= Beginning of Section =
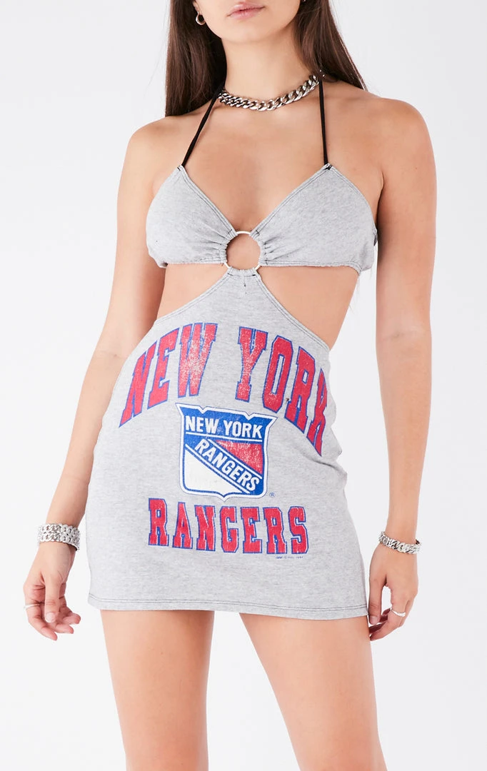 Furst of a Kind took an oversized vintage New York Rangers tee and reworked it into a dress. This one-of-a-kind dress features double side cut outs, o-ring and halter neck line.Â
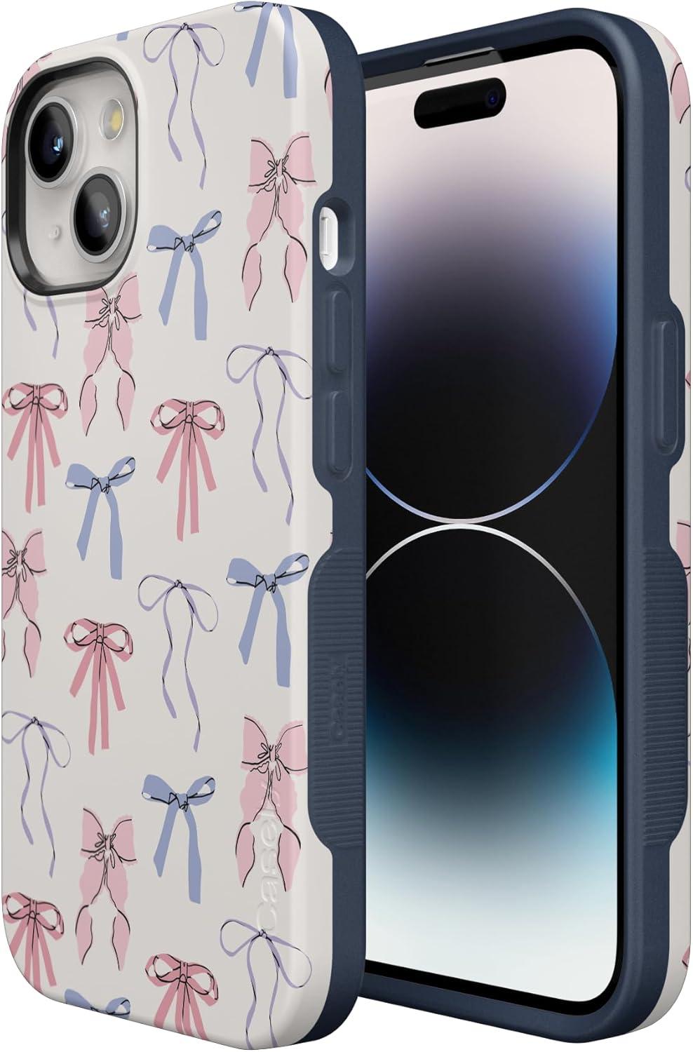 Casely iPhone 15 Case | Be Mine | Tiny Hearts | Bold Protective Design | Compatible with MagSafe(Coquette Girlie | Pastel Bows)
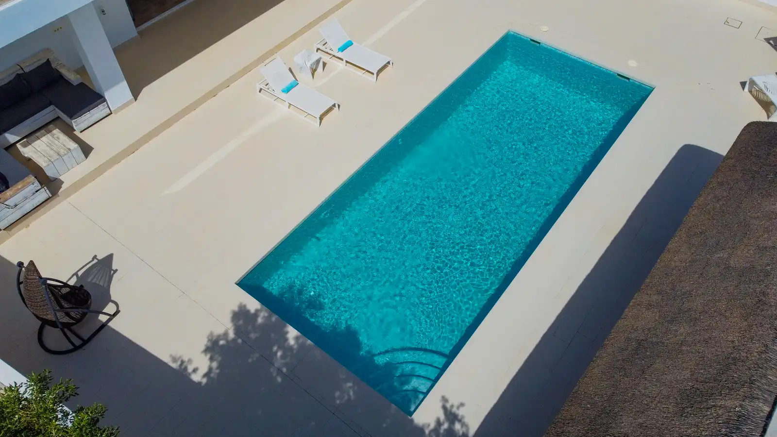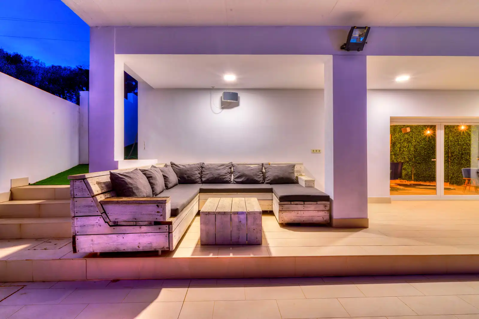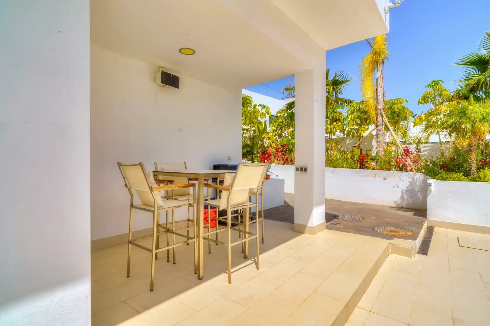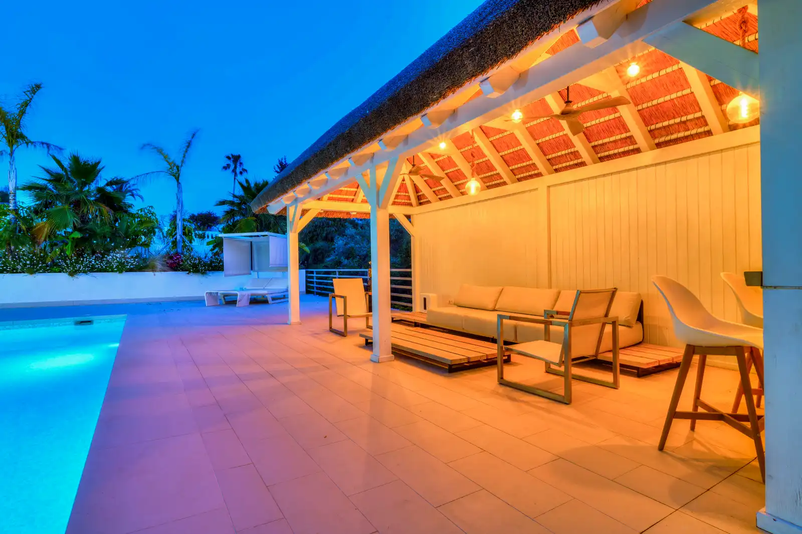 From this level we step out to the beautiful garden and pool area with its “chiringuito” space for chill out or outdoor summer celebrations.
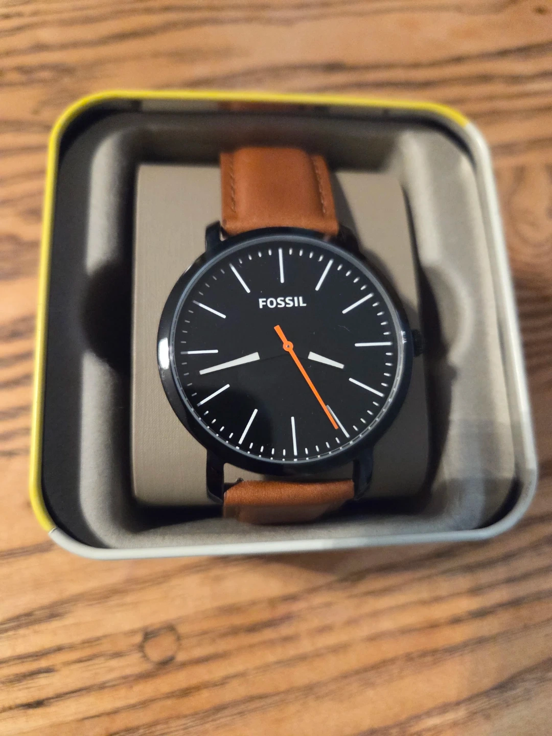 This is a Fossil watch with a black face and a brown leather strap. It comes in its original tin packaging. The watch has a classic design with clean hour markers and a pop of orange on the second hand.
= End of Section =
### Problem
Word for word, repeat the lines of data above, omitting every picture.

### Solution to the exercise
 Furst of a Kind took an oversized vintage New York Rangers tee and reworked it into a dress. This one-of-a-kind dress features double side cut outs, o-ring and halter neck line.Â
 Casely iPhone 15 Case | Be Mine | Tiny Hearts | Bold Protective Design | Compatible with MagSafe(Coquette Girlie | Pastel Bows)
 From this level we step out to the beautiful garden and pool area with its “chiringuito” space for chill out or outdoor summer celebrations.
 This is a Fossil watch with a black face and a brown leather strap. It comes in its original tin packaging. The watch has a classic design with clean hour markers and a pop of orange on the second hand.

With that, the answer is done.